BLURB: Earth is failing. In a desperate bid to escape, the spaceship Enkidu and its captain, Heorest Holt, carry its precious human cargo to a potential new Eden. Generations later, this fragile colony has managed to survive, eking out a hardy existence. Yet life is tough, and much technological knowledge has been lost.
Then Liff, Holt’s granddaughter, hears whispers that the strangers in town aren’t from neighbouring farmland. That they possess unparalleled technology – and that they’ve arrived from another world. But not all questions are so easily answered, and their price may be the colony itself.
REVIEW: I loved the early section of the book which quickly drew me in. Liff is a delightful and sympathetic character, who is just at the age when questioning the status quo is what she should be doing. Unfortunately, this isn’t a society where any form of dissent is welcomed, particularly where her uncle is concerned. Sometimes, this merely causes a bit of family tension, other times her questions are met with blows and punishment. Time is highly mutable in this tale and we revisit key events with very different outcomes.
I enjoyed once more meeting Kern, Portia, Paul and Miranda in their current iterations as they grapple with the puzzle that lies at the heart of the colony. But about of the third of the way through, the pace stuttered. Obviously in a book dealing with time loops, there is a degree of repetition. But I did feel that there were just too many dialogues between the ravens that essentially ended up with them being stumped. And while their back and forth was initially amusing, by the final section I frankly hoped that someone in the colony would shoot the wretched birds and save me from yet another conversation between them.

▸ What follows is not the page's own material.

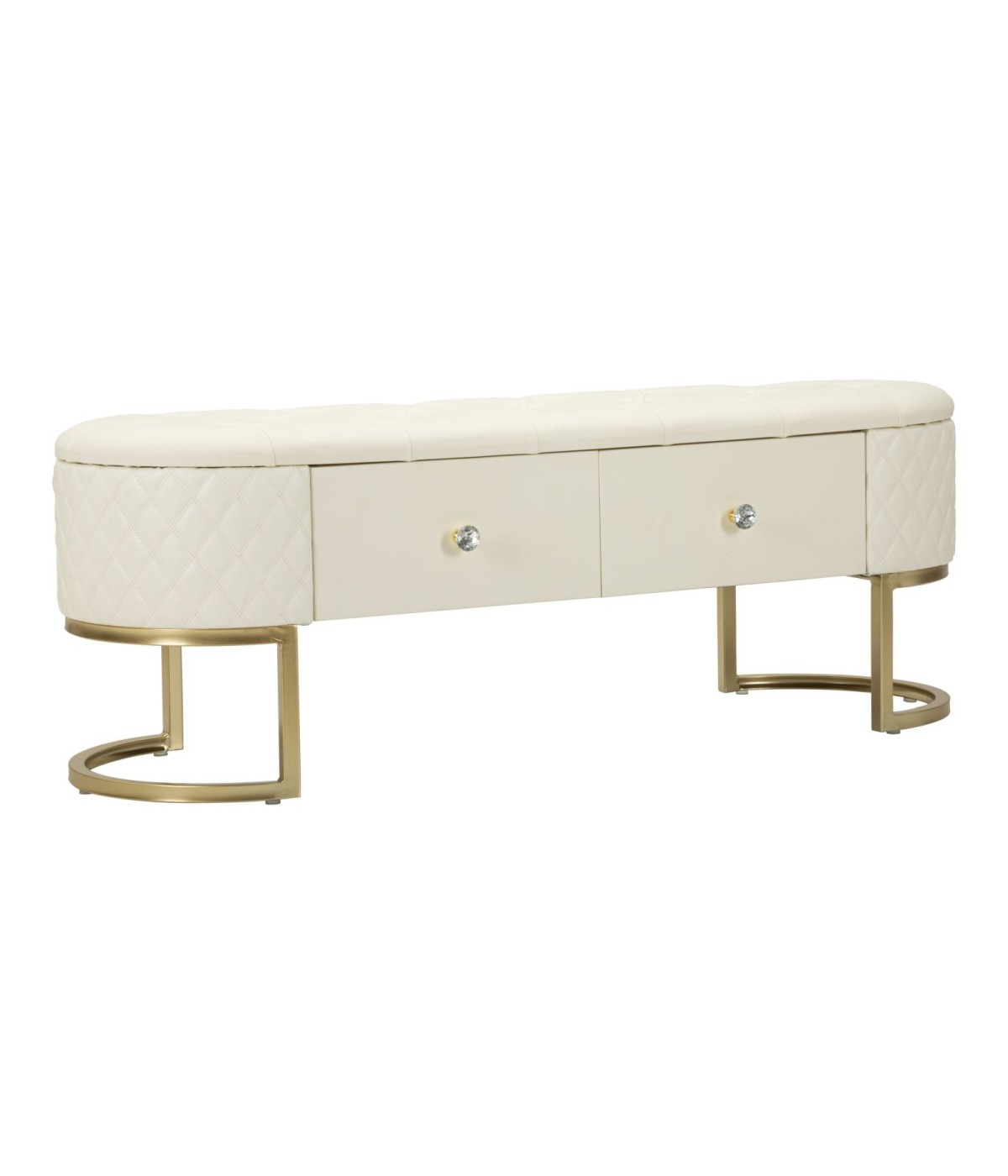Panca elegante e funzionale con cassetti, rivestita in simil pelle trapuntata, con gambe circolari in metallo dorato che abbracciano la sua forma distintiva.

Fortunately, Liff’s predicament and Miranda’s quirky character kept me turning the pages, along with the examination of memory, guilt and the role of outsiders within a closed society, all of which were nested within the story. The pace once more picked up again in the final section as Tchaikovsky drew all the elements together. I thoroughly enjoyed the ending, which left me moved. I don’t recommend you tuck into this one if you haven’t read at least one of the previous books in the series. Besides, Children of Time is definitely a treat if you haven’t yet had the pleasure. And while in my opinion, neither of the subsequent books in the series quite reach the same heights, both are interesting and thought-provoking reads. While I obtained an arc of Children of Memory from the publishers via Netgalley, the opinions I have expressed are unbiased and my own.